[Entries taken from a collection]

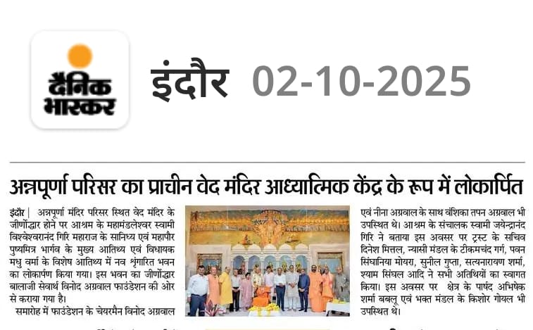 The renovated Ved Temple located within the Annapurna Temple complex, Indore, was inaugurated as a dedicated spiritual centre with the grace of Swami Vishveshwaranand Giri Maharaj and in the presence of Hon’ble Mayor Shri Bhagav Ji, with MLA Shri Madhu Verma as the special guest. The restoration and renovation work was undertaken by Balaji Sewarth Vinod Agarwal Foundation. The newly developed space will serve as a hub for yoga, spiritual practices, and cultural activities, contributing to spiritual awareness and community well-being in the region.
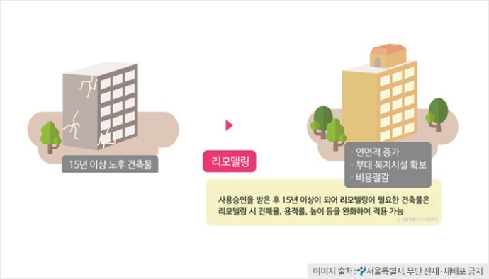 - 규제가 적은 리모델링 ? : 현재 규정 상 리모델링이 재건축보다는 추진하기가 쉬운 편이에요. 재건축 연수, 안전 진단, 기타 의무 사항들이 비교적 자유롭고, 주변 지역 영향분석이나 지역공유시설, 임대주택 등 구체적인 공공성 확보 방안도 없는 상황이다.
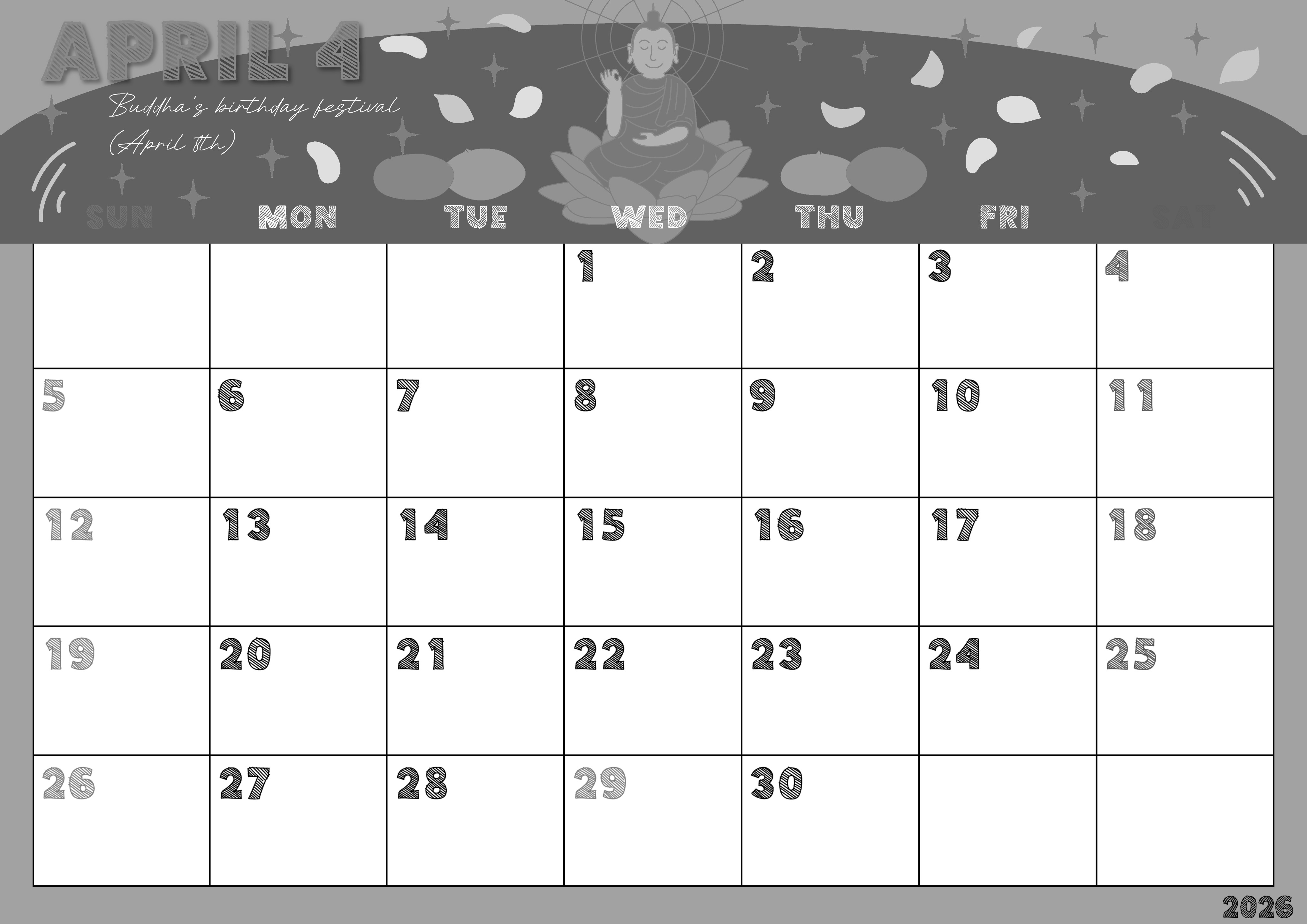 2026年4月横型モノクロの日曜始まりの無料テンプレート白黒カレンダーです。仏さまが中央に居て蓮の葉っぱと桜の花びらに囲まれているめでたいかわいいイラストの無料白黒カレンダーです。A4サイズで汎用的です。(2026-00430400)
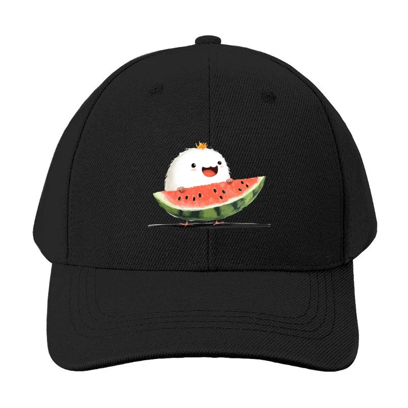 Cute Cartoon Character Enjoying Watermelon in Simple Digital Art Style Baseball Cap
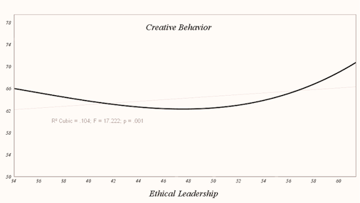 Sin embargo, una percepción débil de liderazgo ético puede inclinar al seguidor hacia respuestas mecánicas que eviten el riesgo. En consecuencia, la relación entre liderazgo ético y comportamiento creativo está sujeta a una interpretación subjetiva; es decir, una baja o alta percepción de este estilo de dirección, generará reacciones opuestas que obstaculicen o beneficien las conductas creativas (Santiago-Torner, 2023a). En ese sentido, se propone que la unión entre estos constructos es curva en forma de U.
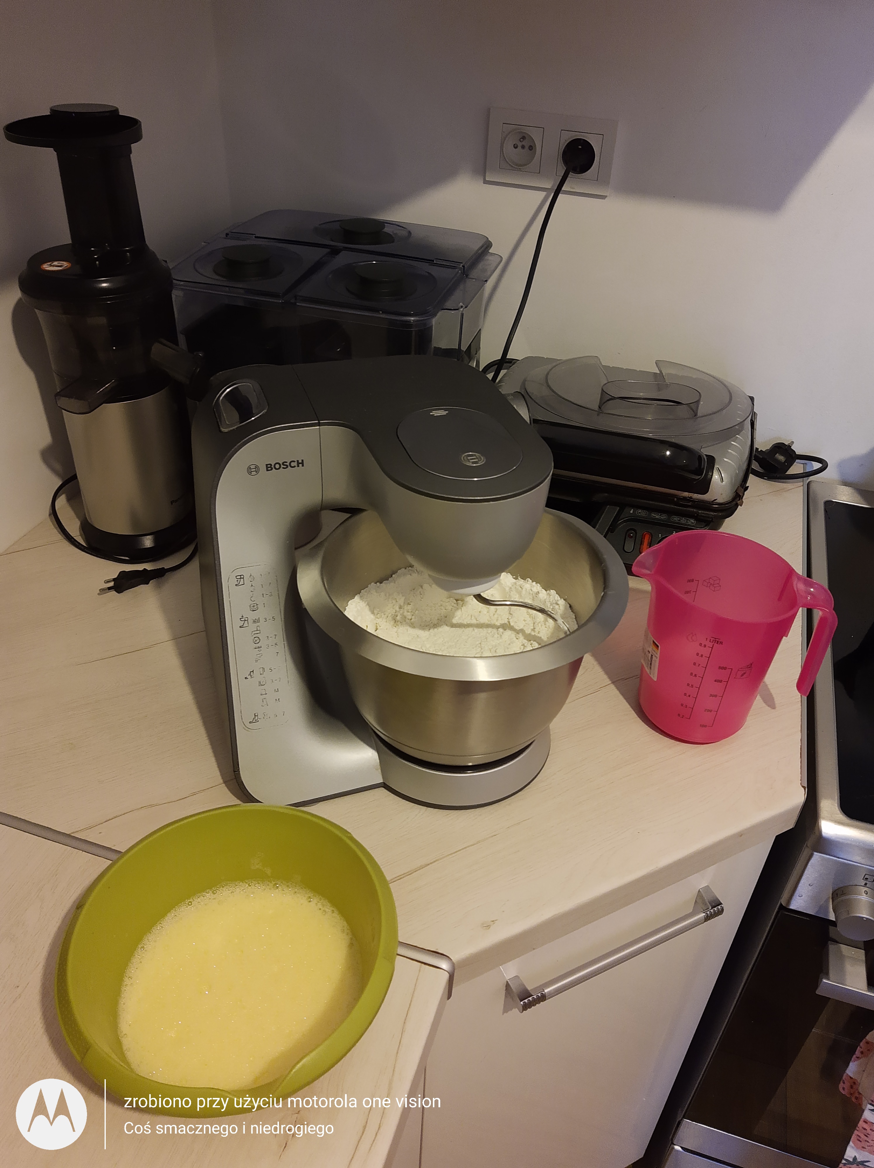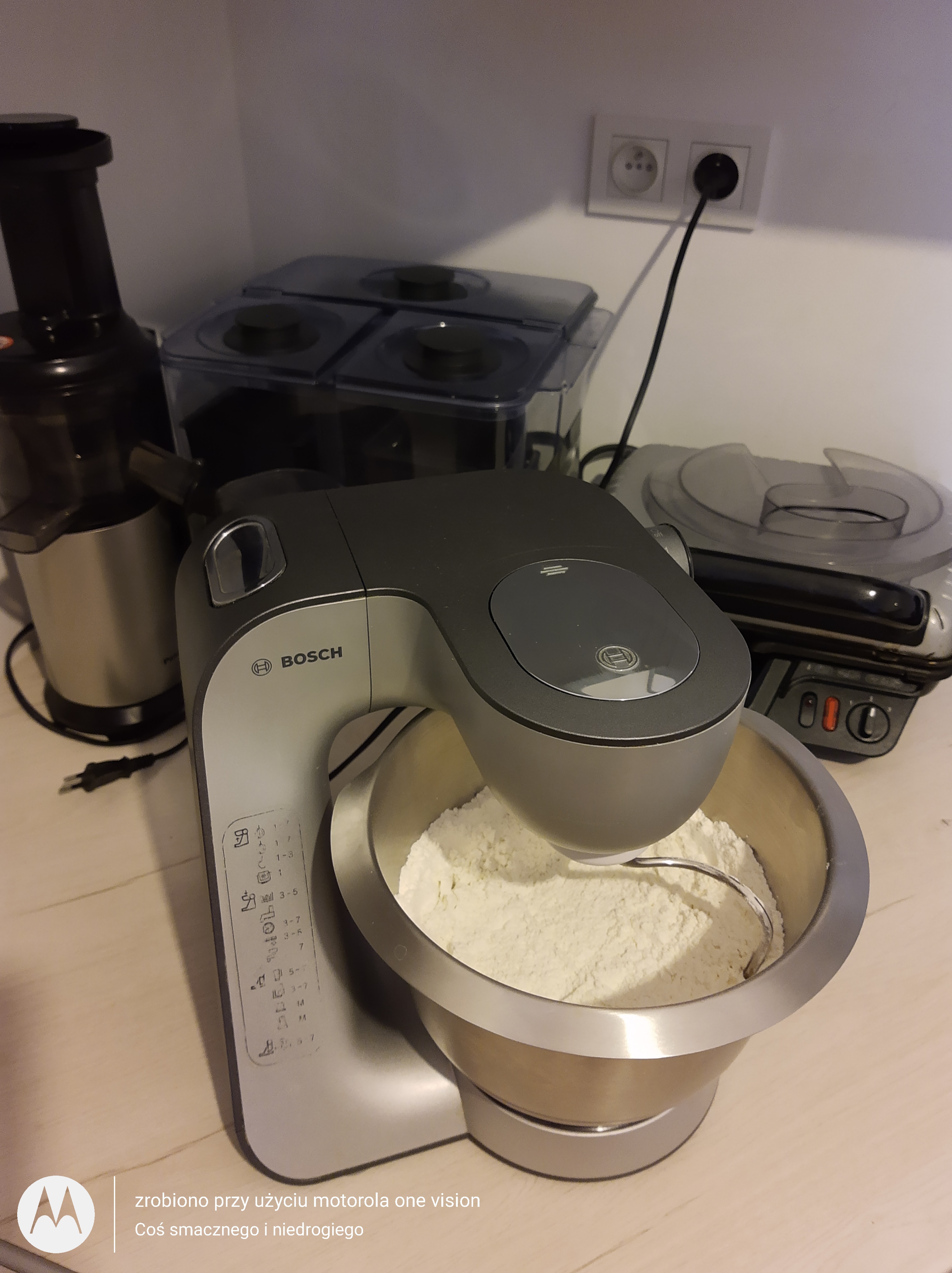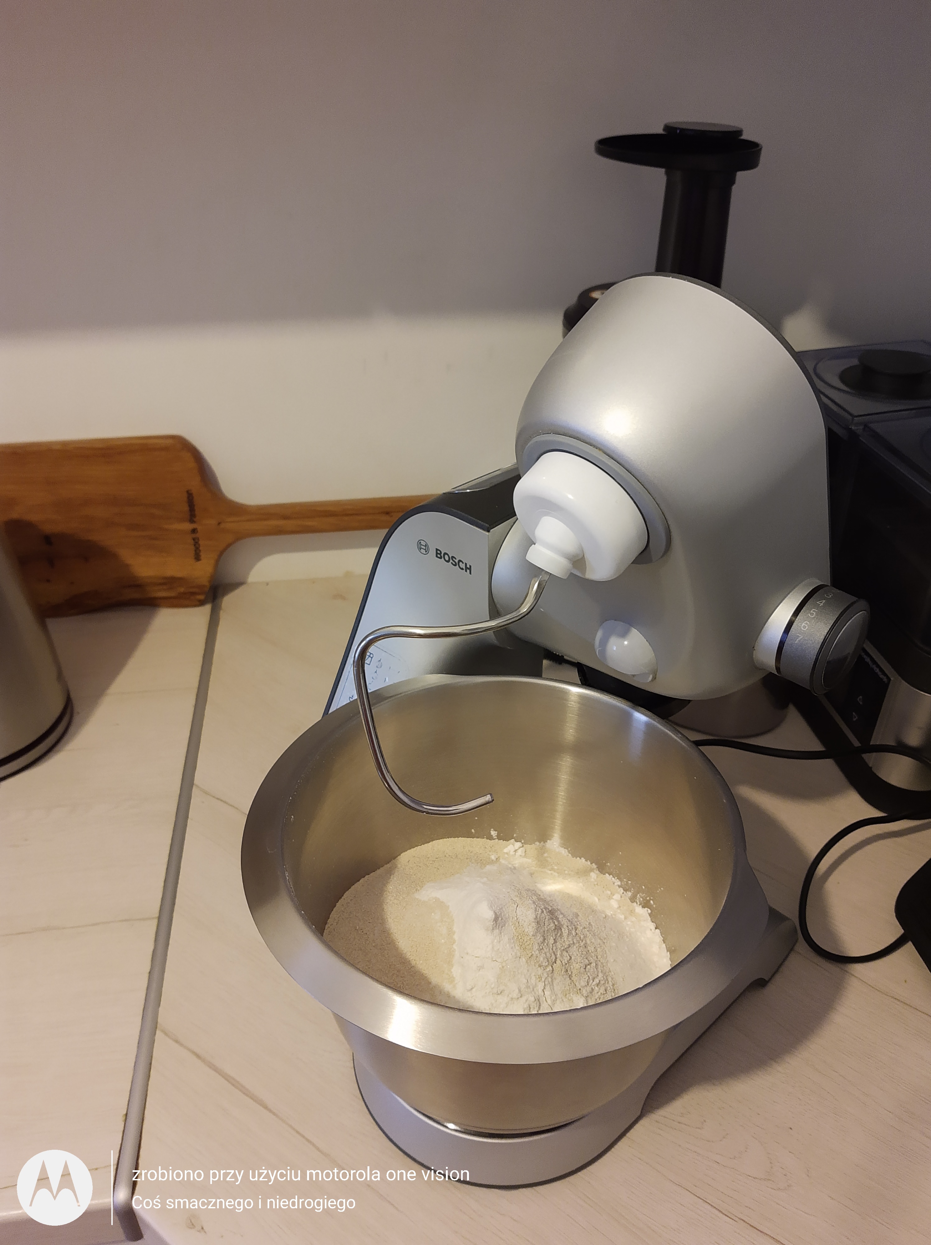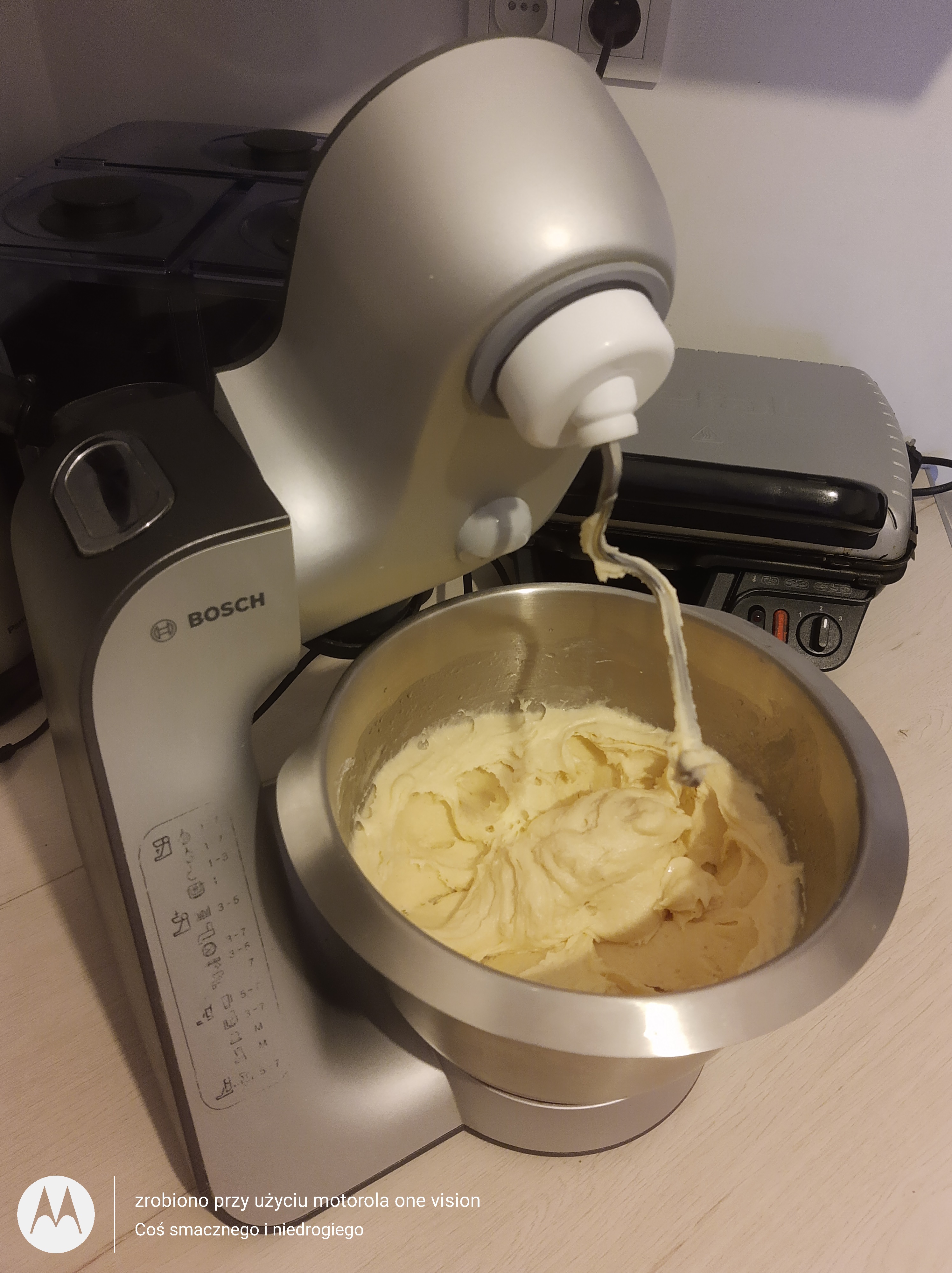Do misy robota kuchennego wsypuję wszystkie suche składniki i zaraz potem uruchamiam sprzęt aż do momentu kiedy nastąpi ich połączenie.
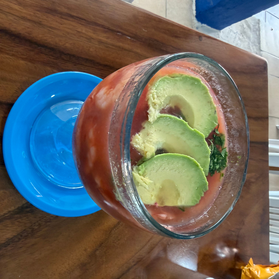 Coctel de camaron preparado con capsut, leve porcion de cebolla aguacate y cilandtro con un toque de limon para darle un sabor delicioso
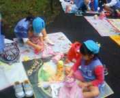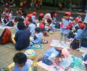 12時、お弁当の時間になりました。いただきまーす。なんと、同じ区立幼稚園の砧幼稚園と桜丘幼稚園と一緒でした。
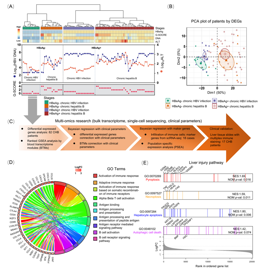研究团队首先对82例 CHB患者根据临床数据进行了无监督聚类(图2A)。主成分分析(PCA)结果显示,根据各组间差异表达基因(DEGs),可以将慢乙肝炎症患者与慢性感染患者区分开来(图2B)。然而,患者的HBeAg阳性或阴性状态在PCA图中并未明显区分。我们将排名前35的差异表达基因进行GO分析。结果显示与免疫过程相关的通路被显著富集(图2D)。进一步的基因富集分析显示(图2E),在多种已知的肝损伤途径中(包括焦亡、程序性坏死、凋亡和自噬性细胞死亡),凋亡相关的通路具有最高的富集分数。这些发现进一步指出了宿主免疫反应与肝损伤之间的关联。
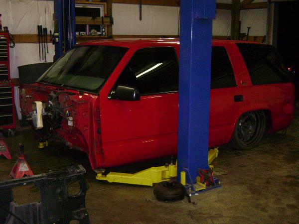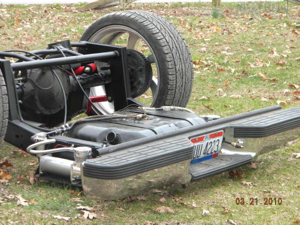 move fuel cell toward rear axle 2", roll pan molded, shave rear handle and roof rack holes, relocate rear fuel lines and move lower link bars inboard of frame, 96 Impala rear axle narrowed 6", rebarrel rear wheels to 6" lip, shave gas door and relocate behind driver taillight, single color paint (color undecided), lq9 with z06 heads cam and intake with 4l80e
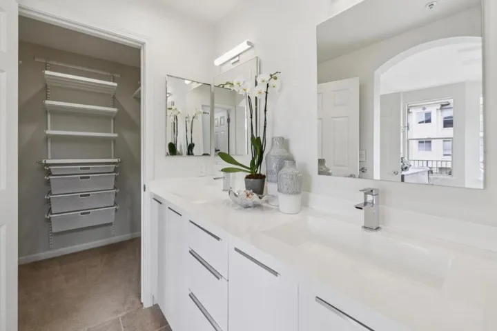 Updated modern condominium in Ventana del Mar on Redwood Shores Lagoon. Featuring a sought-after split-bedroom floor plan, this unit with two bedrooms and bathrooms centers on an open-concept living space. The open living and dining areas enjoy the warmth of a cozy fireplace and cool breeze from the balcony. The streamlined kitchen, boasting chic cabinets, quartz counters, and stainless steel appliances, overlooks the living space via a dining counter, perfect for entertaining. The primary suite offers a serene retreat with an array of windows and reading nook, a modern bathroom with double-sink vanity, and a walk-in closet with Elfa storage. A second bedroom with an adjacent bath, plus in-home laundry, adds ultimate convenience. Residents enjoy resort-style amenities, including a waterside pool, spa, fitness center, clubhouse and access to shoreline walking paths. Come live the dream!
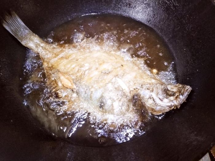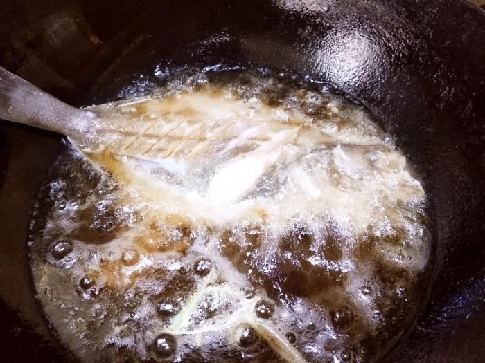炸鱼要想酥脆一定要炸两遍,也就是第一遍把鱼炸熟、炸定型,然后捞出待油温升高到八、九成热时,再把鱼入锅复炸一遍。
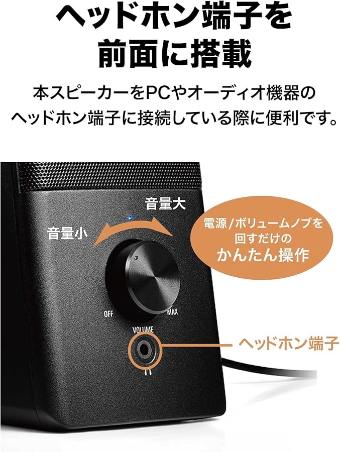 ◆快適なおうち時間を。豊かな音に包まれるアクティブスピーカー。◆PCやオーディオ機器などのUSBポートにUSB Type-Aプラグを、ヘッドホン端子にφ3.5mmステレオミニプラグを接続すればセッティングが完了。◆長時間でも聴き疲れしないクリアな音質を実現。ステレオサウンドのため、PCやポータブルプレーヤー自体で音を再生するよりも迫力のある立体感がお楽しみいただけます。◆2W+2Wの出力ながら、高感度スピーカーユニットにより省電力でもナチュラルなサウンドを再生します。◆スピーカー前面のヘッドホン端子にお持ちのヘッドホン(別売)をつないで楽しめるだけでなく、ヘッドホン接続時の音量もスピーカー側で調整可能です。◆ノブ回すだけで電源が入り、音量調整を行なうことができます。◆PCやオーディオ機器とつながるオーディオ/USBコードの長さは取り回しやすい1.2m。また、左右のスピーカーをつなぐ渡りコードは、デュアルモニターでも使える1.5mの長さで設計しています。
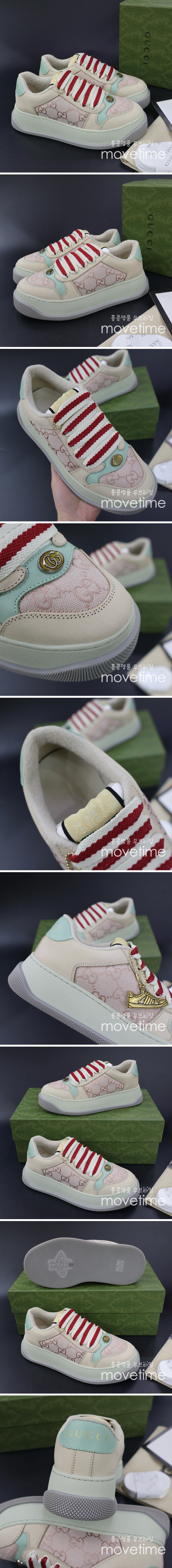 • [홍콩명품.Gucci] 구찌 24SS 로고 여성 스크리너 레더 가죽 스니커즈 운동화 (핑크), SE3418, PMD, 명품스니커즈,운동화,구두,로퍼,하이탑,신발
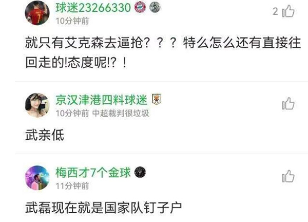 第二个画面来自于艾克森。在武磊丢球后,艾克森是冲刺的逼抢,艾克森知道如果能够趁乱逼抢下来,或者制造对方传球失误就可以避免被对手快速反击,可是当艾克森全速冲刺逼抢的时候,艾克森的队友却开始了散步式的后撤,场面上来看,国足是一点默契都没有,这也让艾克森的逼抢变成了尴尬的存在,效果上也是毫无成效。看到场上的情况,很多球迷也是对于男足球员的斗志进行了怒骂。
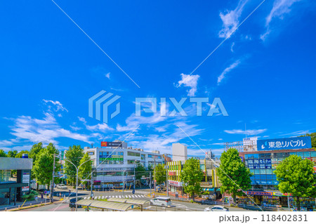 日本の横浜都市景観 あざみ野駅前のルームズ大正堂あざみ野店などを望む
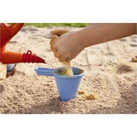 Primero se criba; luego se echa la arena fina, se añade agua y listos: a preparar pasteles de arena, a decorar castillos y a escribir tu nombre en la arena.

WORK REQUIRED
Nothing except the lines from the one containing "- 규제가 적은 리모델링" through the one containing "研究团队首先对82例 CHB" should appear in the answer, exactly as above and without pictures.

EXPECTED OUTPUT
 - 규제가 적은 리모델링 ? : 현재 규정 상 리모델링이 재건축보다는 추진하기가 쉬운 편이에요. 재건축 연수, 안전 진단, 기타 의무 사항들이 비교적 자유롭고, 주변 지역 영향분석이나 지역공유시설, 임대주택 등 구체적인 공공성 확보 방안도 없는 상황이다.
 2026年4月横型モノクロの日曜始まりの無料テンプレート白黒カレンダーです。仏さまが中央に居て蓮の葉っぱと桜の花びらに囲まれているめでたいかわいいイラストの無料白黒カレンダーです。A4サイズで汎用的です。(2026-00430400)
 Cute Cartoon Character Enjoying Watermelon in Simple Digital Art Style Baseball Cap
 Sin embargo, una percepción débil de liderazgo ético puede inclinar al seguidor hacia respuestas mecánicas que eviten el riesgo. En consecuencia, la relación entre liderazgo ético y comportamiento creativo está sujeta a una interpretación subjetiva; es decir, una baja o alta percepción de este estilo de dirección, generará reacciones opuestas que obstaculicen o beneficien las conductas creativas (Santiago-Torner, 2023a). En ese sentido, se propone que la unión entre estos constructos es curva en forma de U.
Do misy robota kuchennego wsypuję wszystkie suche składniki i zaraz potem uruchamiam sprzęt aż do momentu kiedy nastąpi ich połączenie.
 Coctel de camaron preparado con capsut, leve porcion de cebolla aguacate y cilandtro con un toque de limon para darle un sabor delicioso
 12時、お弁当の時間になりました。いただきまーす。なんと、同じ区立幼稚園の砧幼稚園と桜丘幼稚園と一緒でした。
研究团队首先对82例 CHB患者根据临床数据进行了无监督聚类(图2A)。主成分分析(PCA)结果显示,根据各组间差异表达基因(DEGs),可以将慢乙肝炎症患者与慢性感染患者区分开来(图2B)。然而,患者的HBeAg阳性或阴性状态在PCA图中并未明显区分。我们将排名前35的差异表达基因进行GO分析。结果显示与免疫过程相关的通路被显著富集(图2D)。进一步的基因富集分析显示(图2E),在多种已知的肝损伤途径中(包括焦亡、程序性坏死、凋亡和自噬性细胞死亡),凋亡相关的通路具有最高的富集分数。这些发现进一步指出了宿主免疫反应与肝损伤之间的关联。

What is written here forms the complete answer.